As the first half of 2011 draws to a close - six months that have seen some of the most serious online security breaches for enterprise and government ever - Cisco has published a new security report addressing the shift in activity for cyber criminals.
There is a bright side and a very dark side to the results of this report, titled "Email Attacks: This Time It's Personal," which was based on responses from 361 IT professionals from 50 countries.
Speaking at a media event in San Bruno, Calif. on Thursday, Tom Gillis, vice president and general manager for the Security Technology Business Unit at Cisco, explained what Cisco has seen as the "evolution of the threat landscape," which can be broken down as the "Four Cs" of motivation:
- Competition (Notoriety by hitting people with email attacks worldwide)
- Commerce (Spam, selling things like herbal remedies, etc.)
- Crime (Stealing credit card and social security numbers)
- Country (More politically motivated, sophisticated attacks)
As far as mass spam goes, the incentive and actual action of those attacks have dropped considerably. Let's take a look at some of the positive highlights from the study:
- Daily mass spam volumes dropped from 300 billion messages in June 2010 to 40 billion
- Financial returns from mass spam/e-mail attacks declined by over 50 percent from $1.1 billion in June 2010 to $500 million in June 2011
However, according to Patrick Peterson, a chief security researcher at Cisco, the nature and rewards for more serious heists, such as targeted attacks, are much more lucrative. This shift really took place somewhere around 2010, which is evident based on the previous numbers.
Here's a snapshot of where more serious attacks are heading as the major security attacks shift from mass spam to personalized attacks:
- In the last 12 months, Spearfishing attacks have increased threefold; personalized scams, malicious and targeted attacks have all risen fourfold
- Fishing campaigns can net at least 10 times the profit of a mass spam attack
Now let's examine the bottom line: what is this costing enterprises and even governments worldwide?
Overall, the estimated cost of targeted attacks to organizations is $1.29 billion annually. Cisco estimates that figure breaks down to for every $1 lost due to infected users, enterprises spend an additional $2.10 for remediation and then $6.40 for reputation repair.
So what are we all to do?
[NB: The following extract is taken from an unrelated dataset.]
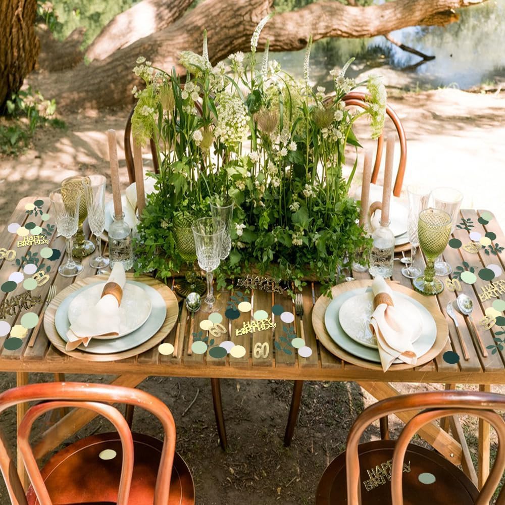 SHUBEIEUMI 100 Stück Konfetti 60 Geburtstag Deko, Metallisch Mit Gemischten Formen In Gold, Grün, Weiß Und Hellgrün, Partydekoration Für Geburtstage, Jubiläen Und Partys

Obviously, enterprises and governments are leaving too many loopholes open to personal data of customers and citizens.
Granted, there has been much more media hype about hacking and security breaches this year, especially after the attack on Sony's PlayStation Network in April. That just led to a flood of attention on the part of the media, consumers/citizens and hackers who saw an opportunity.
Nevertheless, everyone has to take more action against cyber attacks. That's not just corporations (who definitely have a responsibility to their end users), but also the end users as well by being more vigilant and conscientious when using email, sharing account information, installing firewalls, etc.
This is also an opportunity for a number of IT-focused enterprises worldwide, including Cisco, as obviously the need for new and better digital security platforms is prevalent. There's the saying that "any publicity is good publicity," but that isn't necessarily true for businesses who have been victims of major hacking jobs, such as Citigroup, Sega and Nintendo. These corporations are going to need to step up their security standards, and that's where this could be suddenly profitable for tech companies focused on developing security solutions.